Ремонт представлялся мне задачей невыносимой и сложной, я хотела его отложить на потом. Целых два ремонта на одну нашу семью – это чересчур. Когда-нибудь потом – да, наверное, придется заняться ремонтом, через несколько лет. Родится когда-нибудь, надеюсь не очень поздно, ребенок, он все испачкает-изрисует, да и мы, взрослые, тоже подвергнем квартиру износу… (тут улыбающийся смайлик). Вот тогда и сделаем ремонт и, надеюсь, не переругаемся.
Мне сейчас покой и гармоничные отношения были важнее новых обоев и безупречного паркета.
Я, наверное, в этом, квартирном, плане совершенно неправильная женщина. Считается, что для женщины вить гнездо – это тщательно все продумывать и выбирать: мебель, технику, постельное белье, полотенчики всякие, занавески… Но я до такого женского бытового фанатизма не доходила.
Мне требовался лишь необходимый минимум, и чтобы все предметы были максимально нейтрального цвета и тем самым сочетались друг с другом, чтобы мебели было как можно меньше, и она вся – из простых, но экологичных материалов, дешево и сердито то есть… Никаких открытых полок, чтобы лишний раз не протирать пыль.
Наша новая трехкомнатная квартира была и в самом деле новой. В том смысле, что она находилась в доме, не так давно построенном. Прежние хозяева не слишком ее «износили», и потому она не требовала срочного ремонта.
Ну не было у меня его, этого своего «особого вкуса», под который надо все перестраивать и переделывать. И брезгливость моя куда-то отступила.
Пытаться изгнать всякое напоминание о чужих людях, когда-то живших здесь? Мне и психологические заморочки были теперь безразличны, если честно. Дышать испарениями от свежего ремонта и то вреднее. Словом, для меня витье гнездышка – это про что-то другое…

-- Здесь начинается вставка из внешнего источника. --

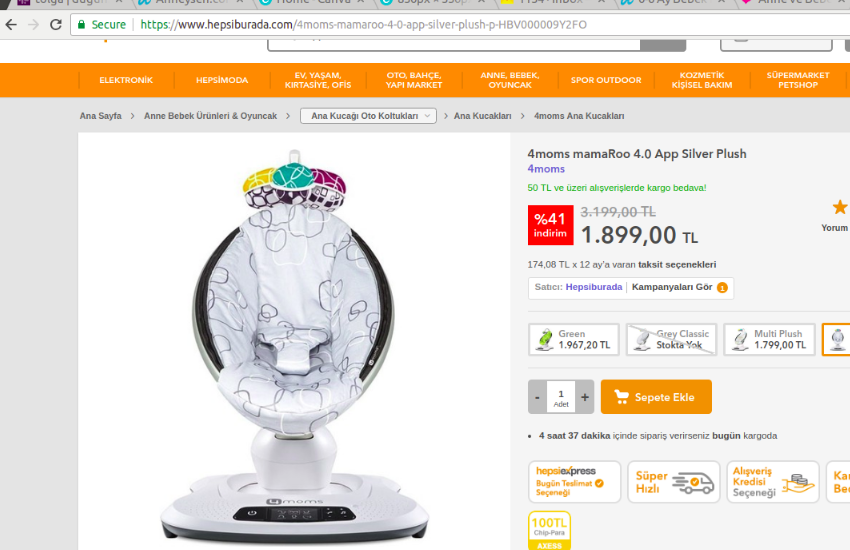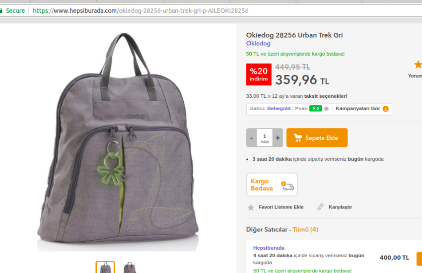 Araştırdığımız 9 e-ticaret sitesinin 5’inde bu bebek bakım çantasını bulabildik. Satış fiyatları 359,95 ila 570 TL idi. Hepsiburada 359,95 TL fiyatı ile ürünün en ucuz halini bulduğumuz site olduğu için oradan satın aldık.

Я ведь знала, что случись чего – все мне может стать немилым, и пойду я опять все выбрасывать… А раз так, то и особо сильно привязываться к каким-то там интерьерам ни к чему.

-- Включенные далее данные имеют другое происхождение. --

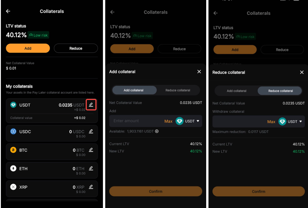You can also adjust the collateral by tapping the edit icon next to an asset under My collaterals.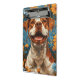 Mini Prancheta Marrom e Cachorro Branco e Flores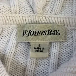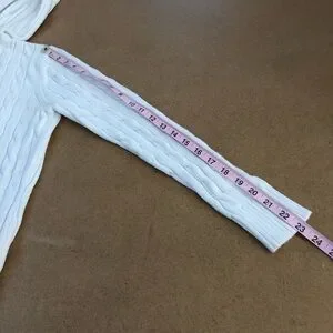 Cozy white St. John’s Bay cable knit cardigan with a hood. Cozy and versatile sweater, perfect for various occasions such as travel, casual outings, or workwear. Made of 100% cotton knit fabric. Perfect for layering. Features front pockets and zip closure. In great condition. Size Small.

Мебель на кухне бывшие хозяева по договоренности с нами не стали вывозить. Она была во вполне приличном состоянии и достаточно функциональная. Сантехника тоже неплохая и тоже в приличном состоянии, ее я предложила не менять, ну разве что сиденье на унитазе, да вот еще кран на кухне показался мне неудобным.
Закажем клининг, обустроим комнаты… С мебелью Адам собирался разобраться сам – у него был знакомый столяр, который мог сделать самые простые, но из натурального дерева, не из ДСП, шкафы-полки и всякое такое…

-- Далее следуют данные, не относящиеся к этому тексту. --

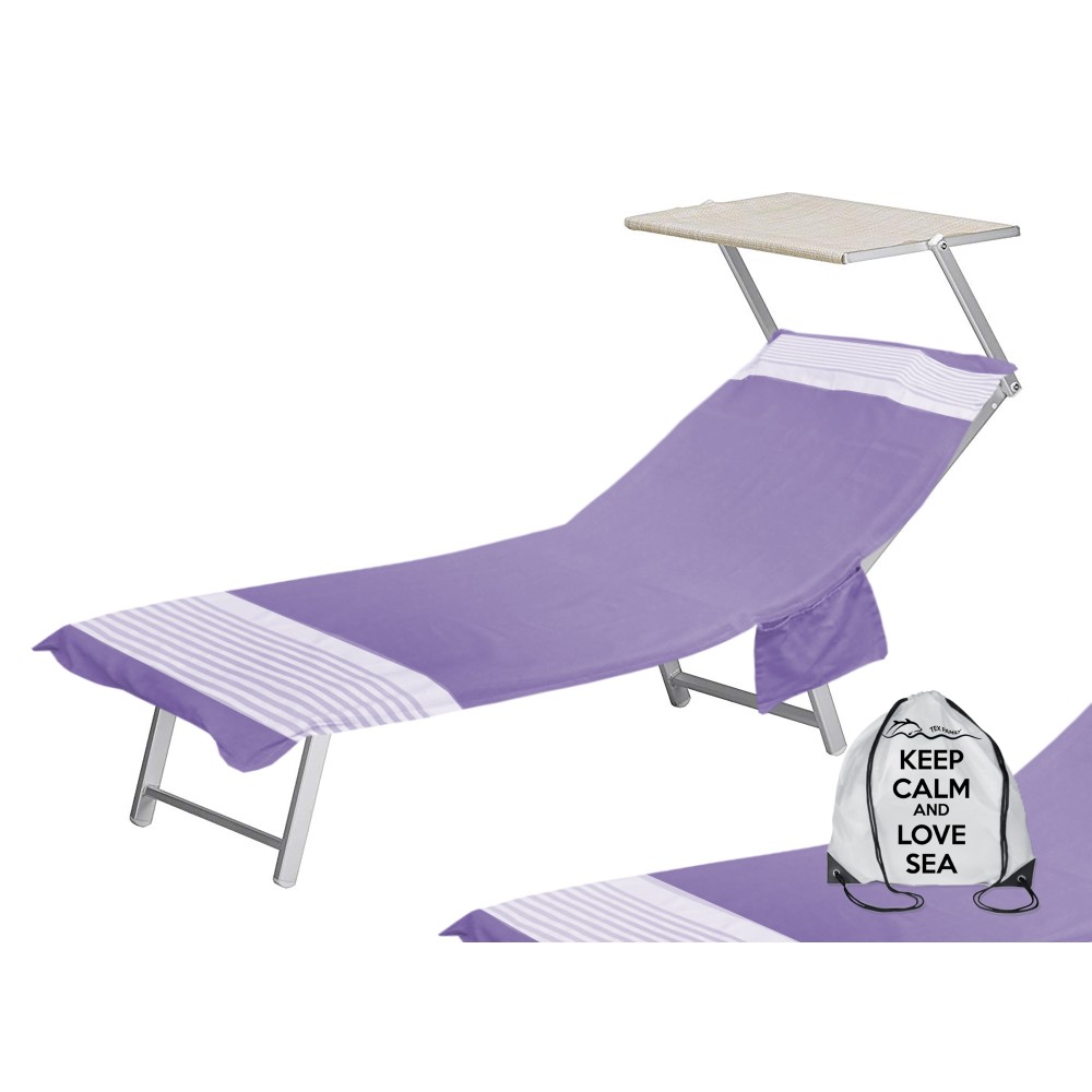 This beach towel with sunbed corners in shades of purple is made of soft cotton and is ideal for those who want to bask in the sun.

Адам ходил взад-вперед, делал последние, как он выразился «контрольные», замеры перед тем, как передать заказ столяру.
Я тоже бродила по пустым комнатам, уже по какому-то своему маршруту – представляя, как мы разместимся тут все вместе, втроем. А в будущем – вчетвером.
Я чувствовала себя как-то неуверенно.
Да, мы с Адамом и Инной очень хорошо все распланировали, но вдруг все пойдет как-то не так? Мечтаем о ребенке, а ребенок не родится… Всякое же случается. Я почему-то думала, что забеременею сразу, как только избавлюсь от своей спирали, – а нет, до сих пор без результата. Хотя и прошло слишком мало времени после того, но… Но.
В одной из комнат я села на широкий подоконник. За стеклом (двойной стеклопакет, утепленный профиль), немного пыльным, росли деревья, их верхушки покачивались где-то внизу. Ну да, одиннадцатый этаж… за деревьями угадывался сквер со скамейками. Это тоже мой мир теперь? Или мне ничего не принадлежит? Погодите, это синее небо без единого облачка, и это солнце, начинающее клониться за дома вдали, эти зеленые волны листвы – они точно мои или нет?
Окна. Инна говорила, что в жизни каждого человека есть некие «окна возможностей». Когда удобней и легче делать что-либо – получать образование, вступать в брак, рожать детей… и прочее.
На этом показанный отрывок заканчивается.